SoftVQ-VAE: Efficient 1-Dimensional Continuous Tokenizer
Hao Chen, Ze Wang, Xiang Li, Ximeng Sun, Fangyi Chen, Jiang Liu,, Jindong Wang, Bhiksha Raj, Zicheng Liu, Emad Barsoum

TL;DR
SoftVQ-VAE introduces a continuous image tokenizer that enhances representation capacity and significantly accelerates image generation, achieving high-quality results with fewer tokens and improved efficiency in generative models.
Contribution
It presents SoftVQ-VAE, a novel continuous tokenizer leveraging soft categorical posteriors, enabling efficient, high-capacity image representation and faster generation in Transformer-based models.
Findings
Achieves up to 18x faster inference for 256x256 images.
Reduces training iterations by 2.3x while maintaining quality.

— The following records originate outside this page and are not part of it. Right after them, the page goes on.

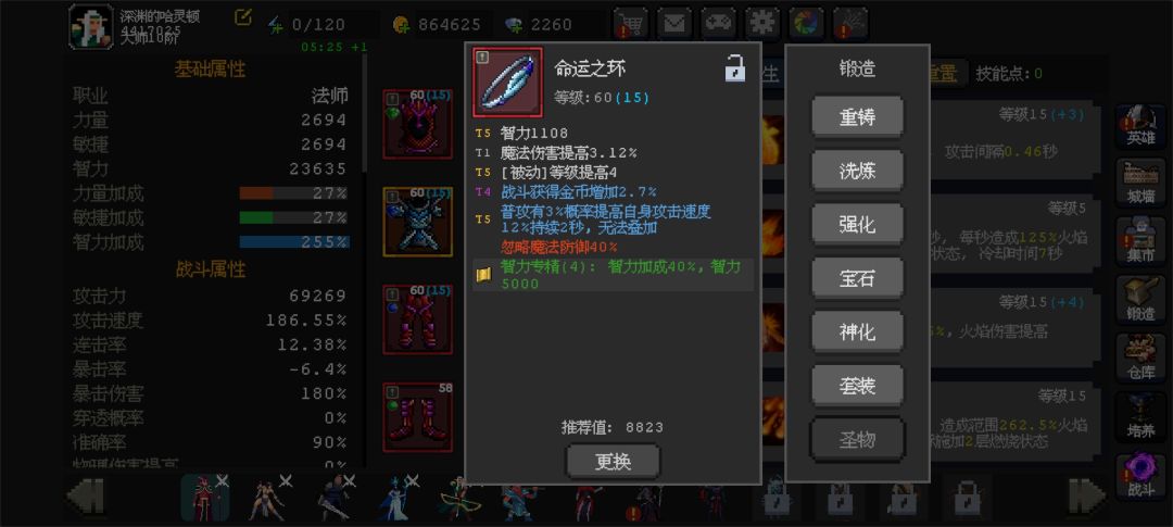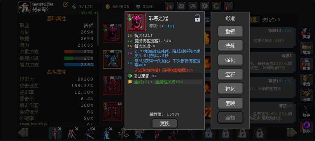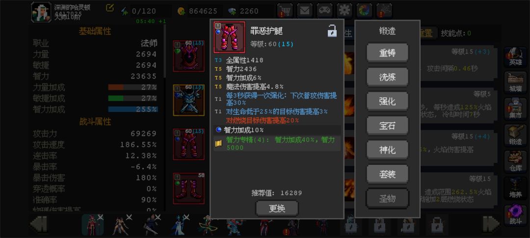 火法就是罪恶提升主属性,前期没有t6t7所以一定要刷到t5,洗练的话就是每三秒强化一次攻击了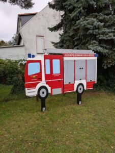 So wurde in vielen Arbeitsstunden, mit Werkzeug, Farbe und jeder Menge Teamgeist, das „Bücher-Feuerwehrauto“ gebaut. Als Vorbild wurde dabei das aktuelle Fahrzeug der Freiwilligen Feuerwehr Hoch-Weisel genommen.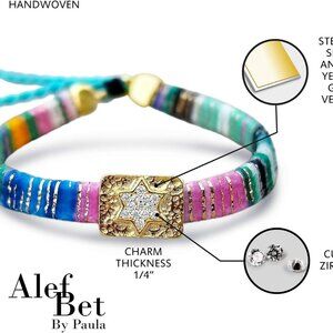 Unique Handwoven Star of David Artwork: Each bracelet is meticulously handwoven with vibrant blue, white, gold, green, and pink hues, making it a truly personal and artistic Judaica piece.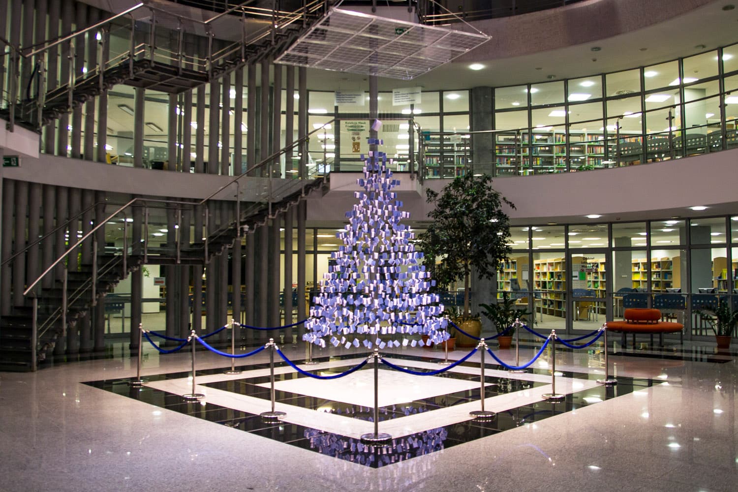 W 2022 roku bibliotekarze wykonali drzewko w pełni z elementów oświetleniowych. Setki metrów przewodów, dziesiątki punktów LED i spiralna konstrukcja stworzyły instalację przypominającą świetlisty lej. Forma była nowoczesna, dynamiczna i przyciągała uwagę w ciemniejszych przestrzeniach biblioteki.

Maintains competitive FID scores with fewer tokens.
Abstract
Efficient image tokenization with high compression ratios remains a critical challenge for training generative models. We present SoftVQ-VAE, a continuous image tokenizer that leverages soft categorical posteriors to aggregate multiple codewords into each latent token, substantially increasing the representation capacity of the latent space. When applied to Transformer-based architectures, our approach compresses 256x256 and 512x512 images using as few as 32 or 64 1-dimensional tokens. Not only does SoftVQ-VAE show consistent and high-quality reconstruction, more importantly, it also achieves state-of-the-art and significantly faster image generation results across different denoising-based generative models. Remarkably, SoftVQ-VAE improves inference throughput by up to 18x for generating 256x256 images and 55x for 512x512 images while achieving competitive FID scores of 1.78 and 2.21…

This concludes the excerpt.